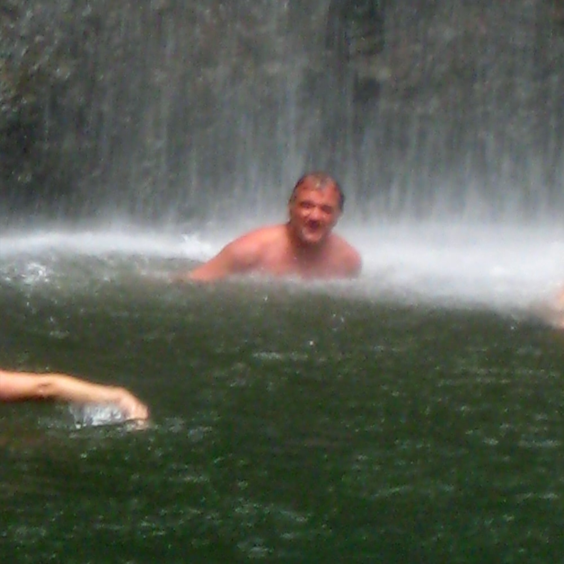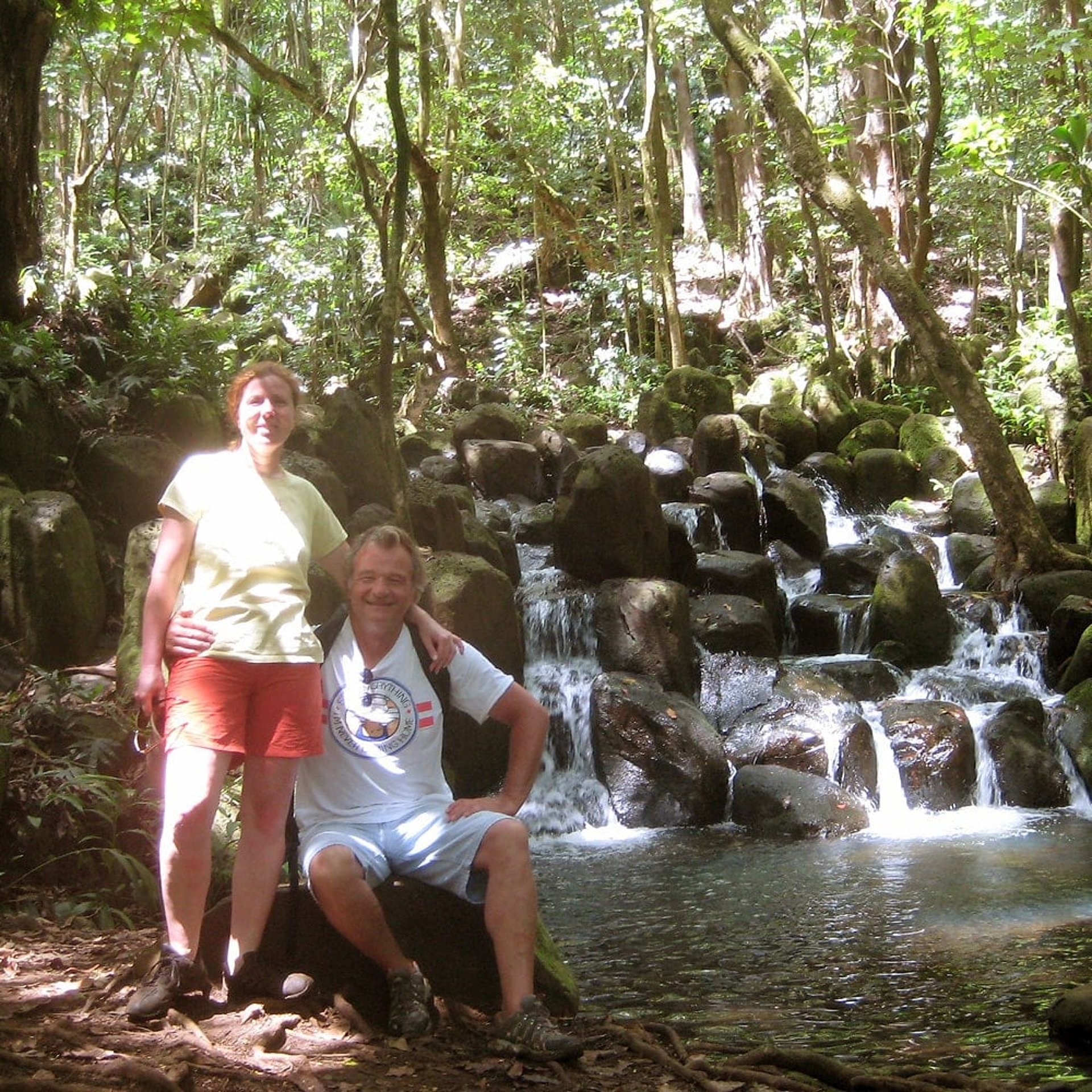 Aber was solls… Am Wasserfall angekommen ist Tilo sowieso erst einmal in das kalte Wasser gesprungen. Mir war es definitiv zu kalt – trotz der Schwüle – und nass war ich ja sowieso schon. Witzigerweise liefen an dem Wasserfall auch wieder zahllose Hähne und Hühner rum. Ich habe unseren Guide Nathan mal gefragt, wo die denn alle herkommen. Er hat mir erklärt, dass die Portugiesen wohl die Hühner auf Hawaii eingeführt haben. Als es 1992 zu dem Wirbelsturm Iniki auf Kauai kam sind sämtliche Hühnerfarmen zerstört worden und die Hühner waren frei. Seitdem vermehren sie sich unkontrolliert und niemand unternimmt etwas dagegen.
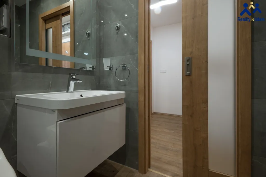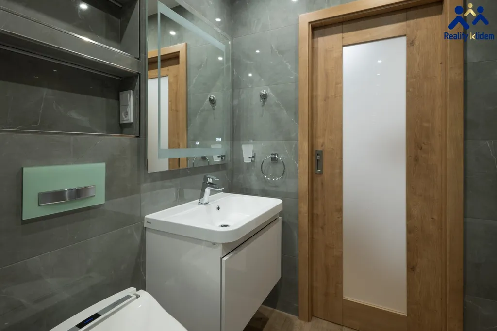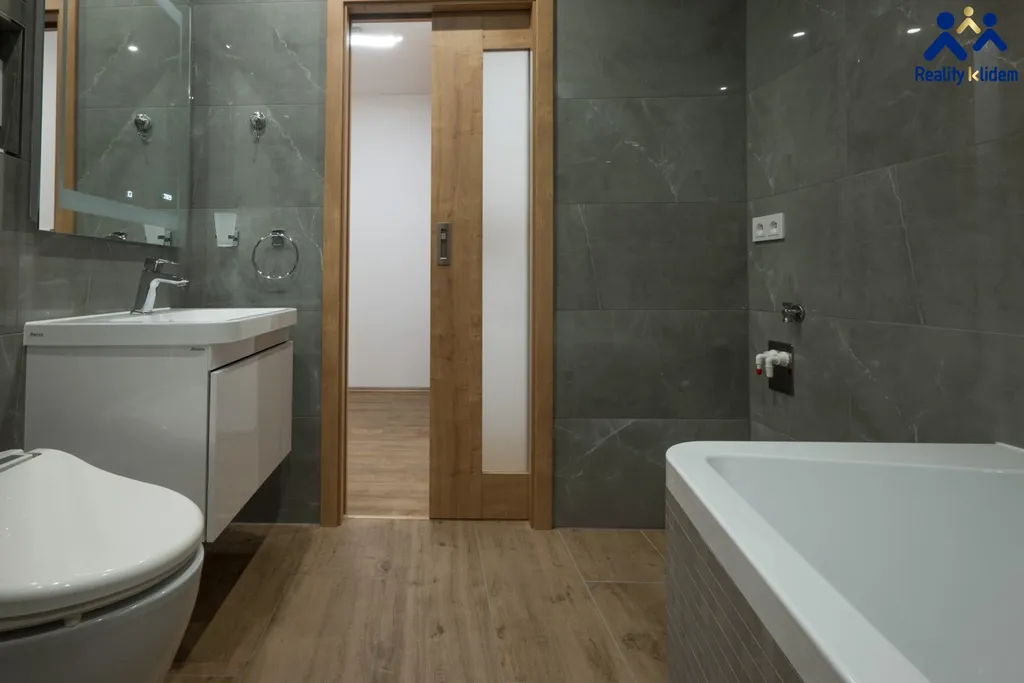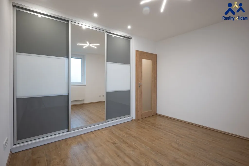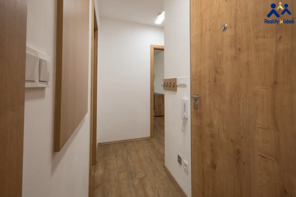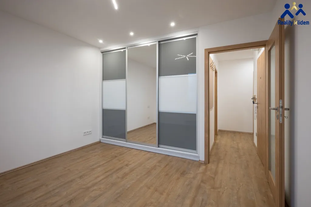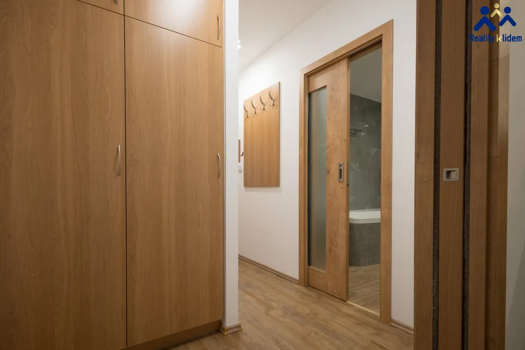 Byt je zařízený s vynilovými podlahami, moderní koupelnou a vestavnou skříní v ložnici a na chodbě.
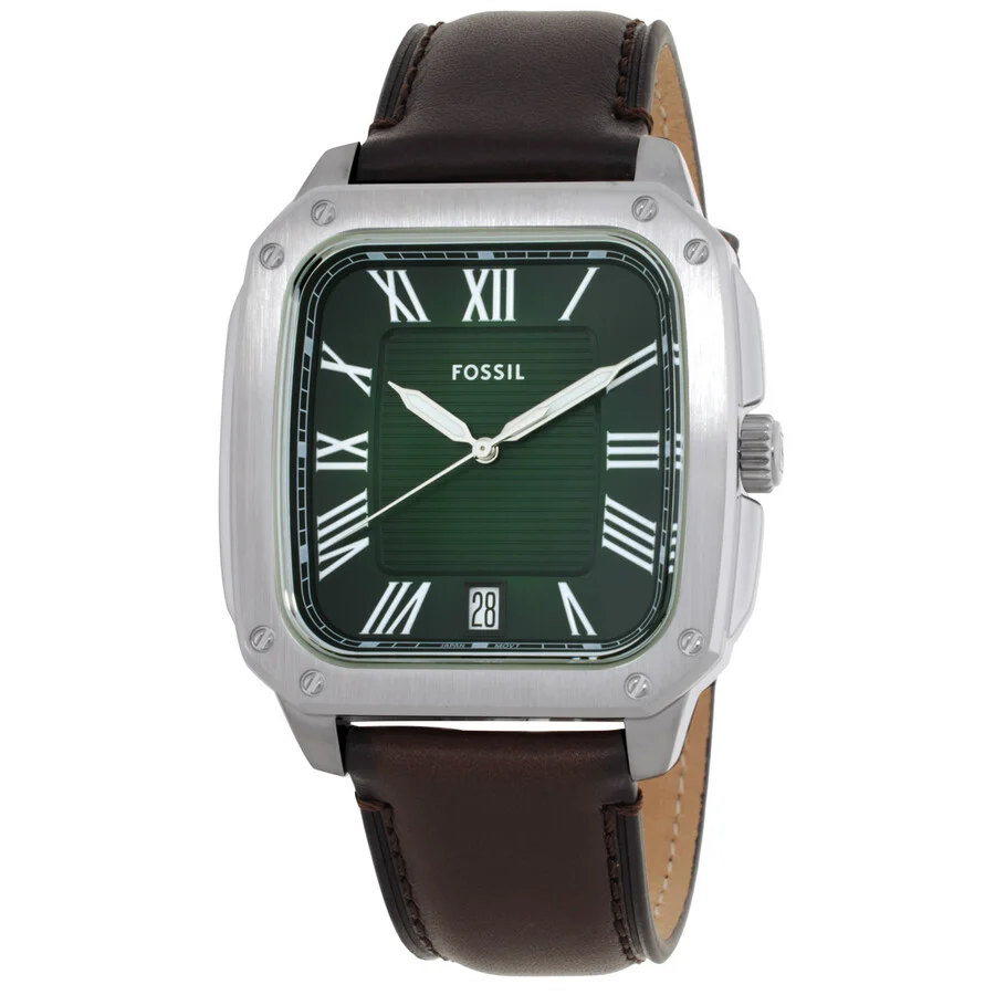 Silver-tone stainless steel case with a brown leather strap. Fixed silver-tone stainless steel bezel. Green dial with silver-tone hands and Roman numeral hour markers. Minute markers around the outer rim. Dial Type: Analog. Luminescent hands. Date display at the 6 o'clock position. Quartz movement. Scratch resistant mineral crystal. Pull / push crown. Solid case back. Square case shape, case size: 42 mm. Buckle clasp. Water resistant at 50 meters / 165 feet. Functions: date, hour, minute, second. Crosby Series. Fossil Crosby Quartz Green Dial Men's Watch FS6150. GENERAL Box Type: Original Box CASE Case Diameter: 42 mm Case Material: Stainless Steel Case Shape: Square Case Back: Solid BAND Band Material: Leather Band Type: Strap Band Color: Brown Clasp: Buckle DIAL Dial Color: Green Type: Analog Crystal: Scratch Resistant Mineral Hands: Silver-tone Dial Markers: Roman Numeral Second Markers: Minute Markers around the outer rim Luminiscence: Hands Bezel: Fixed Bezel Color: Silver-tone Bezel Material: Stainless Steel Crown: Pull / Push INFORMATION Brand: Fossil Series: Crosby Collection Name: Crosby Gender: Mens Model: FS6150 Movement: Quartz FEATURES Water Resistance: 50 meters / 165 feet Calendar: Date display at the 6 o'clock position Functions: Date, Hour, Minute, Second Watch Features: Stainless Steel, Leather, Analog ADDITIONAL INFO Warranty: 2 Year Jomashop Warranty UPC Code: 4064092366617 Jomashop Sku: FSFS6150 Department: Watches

....

◆ **Work to complete**
Once the pictures are set aside, repeat the data above exactly as written.

◆ **Answer to this task**
 Aber was solls… Am Wasserfall angekommen ist Tilo sowieso erst einmal in das kalte Wasser gesprungen. Mir war es definitiv zu kalt – trotz der Schwüle – und nass war ich ja sowieso schon. Witzigerweise liefen an dem Wasserfall auch wieder zahllose Hähne und Hühner rum. Ich habe unseren Guide Nathan mal gefragt, wo die denn alle herkommen. Er hat mir erklärt, dass die Portugiesen wohl die Hühner auf Hawaii eingeführt haben. Als es 1992 zu dem Wirbelsturm Iniki auf Kauai kam sind sämtliche Hühnerfarmen zerstört worden und die Hühner waren frei. Seitdem vermehren sie sich unkontrolliert und niemand unternimmt etwas dagegen.
 Byt je zařízený s vynilovými podlahami, moderní koupelnou a vestavnou skříní v ložnici a na chodbě.
 Silver-tone stainless steel case with a brown leather strap. Fixed silver-tone stainless steel bezel. Green dial with silver-tone hands and Roman numeral hour markers. Minute markers around the outer rim. Dial Type: Analog. Luminescent hands. Date display at the 6 o'clock position. Quartz movement. Scratch resistant mineral crystal. Pull / push crown. Solid case back. Square case shape, case size: 42 mm. Buckle clasp. Water resistant at 50 meters / 165 feet. Functions: date, hour, minute, second. Crosby Series. Fossil Crosby Quartz Green Dial Men's Watch FS6150. GENERAL Box Type: Original Box CASE Case Diameter: 42 mm Case Material: Stainless Steel Case Shape: Square Case Back: Solid BAND Band Material: Leather Band Type: Strap Band Color: Brown Clasp: Buckle DIAL Dial Color: Green Type: Analog Crystal: Scratch Resistant Mineral Hands: Silver-tone Dial Markers: Roman Numeral Second Markers: Minute Markers around the outer rim Luminiscence: Hands Bezel: Fixed Bezel Color: Silver-tone Bezel Material: Stainless Steel Crown: Pull / Push INFORMATION Brand: Fossil Series: Crosby Collection Name: Crosby Gender: Mens Model: FS6150 Movement: Quartz FEATURES Water Resistance: 50 meters / 165 feet Calendar: Date display at the 6 o'clock position Functions: Date, Hour, Minute, Second Watch Features: Stainless Steel, Leather, Analog ADDITIONAL INFO Warranty: 2 Year Jomashop Warranty UPC Code: 4064092366617 Jomashop Sku: FSFS6150 Department: Watches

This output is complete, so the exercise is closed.